Functional differences
Remember what the first critical line of code in your ArcGIS Engine applications needed to be if your application was going to use the visual bean components? You needed to initialize Engine by calling the static method EngineInitializer.initializeVisualBeans(). If this was not present, your application was not guaranteed to run correctly because the underlying Java-COM interop needed to be able to handle threading within your application differently that it did with non-visual apps.
With the Runtime SDK for Java applications, this is no longer the case, since there is no Java-to-COM requirement, because there is no COM or ArcObjects of any kind running in your apps, nor in your developer experience. You simply begin programming your GIS apps the same way you would do for any Java-based application.
Threading
Staying with the threading topic, there are some functional differences here as well. Remember that ArcGIS Engine needed to handle coordination of 2 distinct threading models: the ArcObjects threading model and the Java AWT/Swing threading model. If you were not careful in your coding practices with the visual beans, your applications could, and often did, experience dreadful “deadlocks”.
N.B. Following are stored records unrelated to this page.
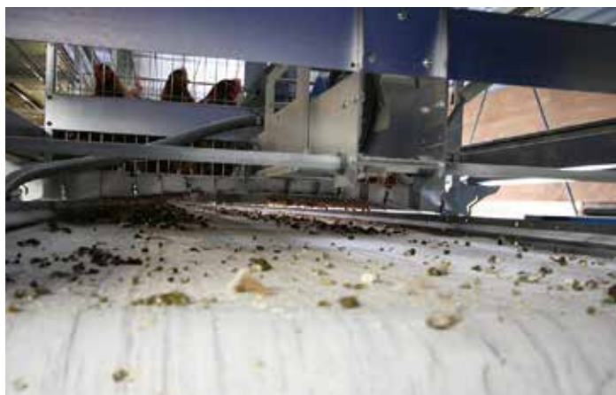
鶏糞は除糞ベルト上で乾燥後、自動的に搬出
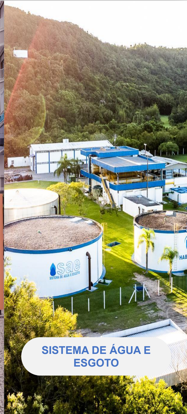
SISTEMA DE ÁGUA E ESGOTO
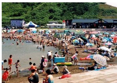
鬼鹿ツインビーチ
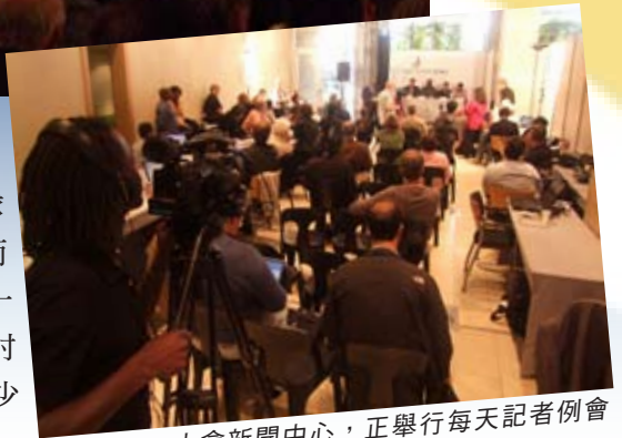
大會新聞中心，正舉行每天記者例會

今次香港《時代論壇》參與洛桑大會的採訪工作，其實並不單作為大會發放消息渠道的指定媒體，更是參與大會採訪工作的註冊媒體（Accredited Media）。這些媒體大多屬基督教界，來自全球各地。而大會對註冊媒體亦相當信任，沒有任何指定的採訪題材與要求，各媒體可以自由策劃各項的採訪工作。
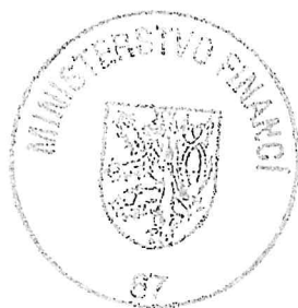
Mgr. Ondřej Landa náměstek ministra

Tímto rozhodnutím byl privatizační projekt, vedený v evidenci Ministerstva financí pod č. 86739, zpracovaný Státním pozemkovým úřadem, vybrán k realizaci.

Again, these threading complexities that come with the co-existance of ArcObjects and pure Java simply go away with the JMap. JMap is pure Java and only exhibits AWT/Swing’s own threading model, which is quite familiar to most Java programmers.
Event Handling
Some similarities here. Both the ArcObjects-based MapBean and the Runtime Java SDK’s JMap are capable of firing events. You can add listeners to them for handling and reacting to these events. However, the MapBean control utilizes listeners that are native to ArcObjects and not Java, and uses custom events that are not fired from within Java’s event dispatching thread. By contrast, the JMap listener and eventing models are pure extensions of the Java framework. See java.util.EventListener.
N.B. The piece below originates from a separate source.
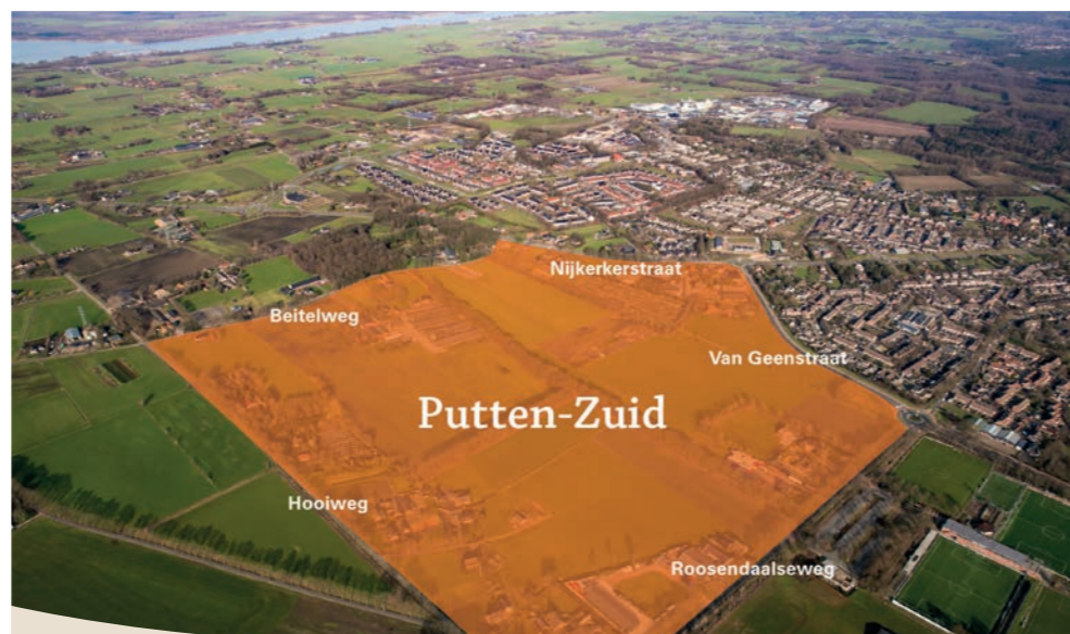
De Nijkerkerstraat, Van Geenstraat, Roosendaalseweg, Hooiweg en Beitelweg omsluiten de woningbouwlocatie Putten-Zuid.

Again, programming with events and listeners is another case in which using the JMap and the Runtime SDK for Java provides a natural programming model and developer experience, much more than the ArcObjects SDK for Java provides.
GUI development tools
With respect to IDE’s and design-time usage, The ArcGIS Engine’s ArcObjects SDK for Java provides a complete Visual Bean palette for drag-and-drop GUI development in Eclipse. This is a strong point for developer productivity and for getting your solutions to market quickly. The ArcGIS Runtime SDK for Java version 1.0 does not have this feature out of the box. However, the JMap is in fact a pure JComponent, and not a wrapper. as such, you can add this component to palettes manually in any Java-based GUI builder solution on the market, such as WindowBuilder for Eclipse.
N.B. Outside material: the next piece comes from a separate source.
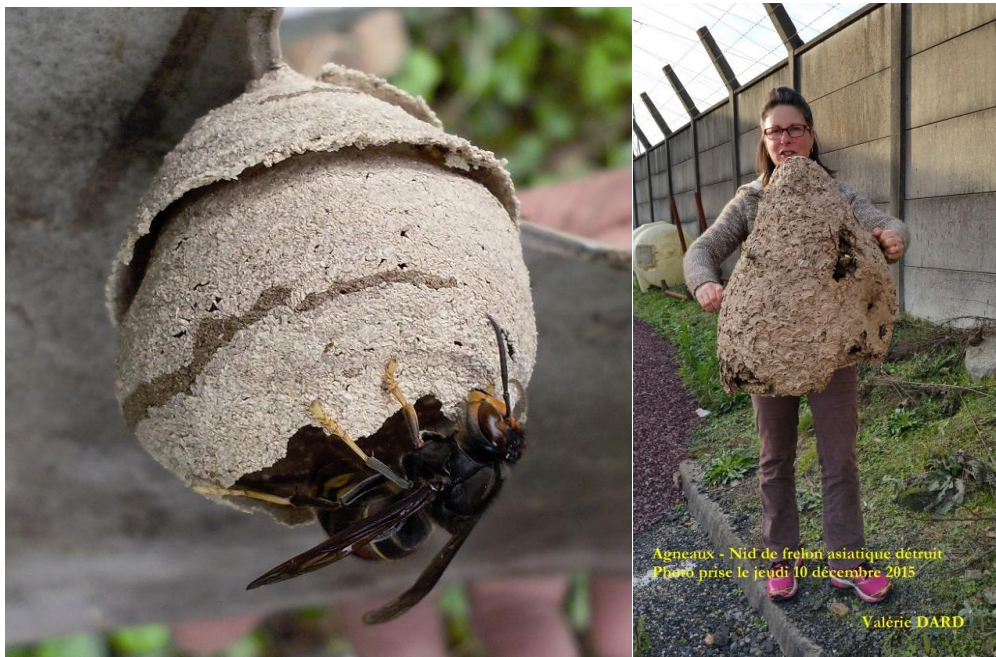
Figure 3 : nid primaire et nid secondaire

Well, that’s a head-start, I think. There is so much more I could write about in comparing the two visual components, but I believe these are good key starting points. We value your feedback, so please reply with comments, corrections, concerns, etc. I hope we have highlighted the main things to keep in mind here. Something to take away is that there is not going to be a straight-forward migration path for your visual map components, I’m afraid, but the changes now are going to be SO worth it. The best advice is to delve into the Javadoc and conceptual help, and lean on the rich set of example apps in the Sample Viewer application.

The Sample Viewer Application
These are excellent resources to jumpstart your migration planning. The JMap is much more streamlined for developing apps that “go with the grain” of the ArcGIS platform today and into the future.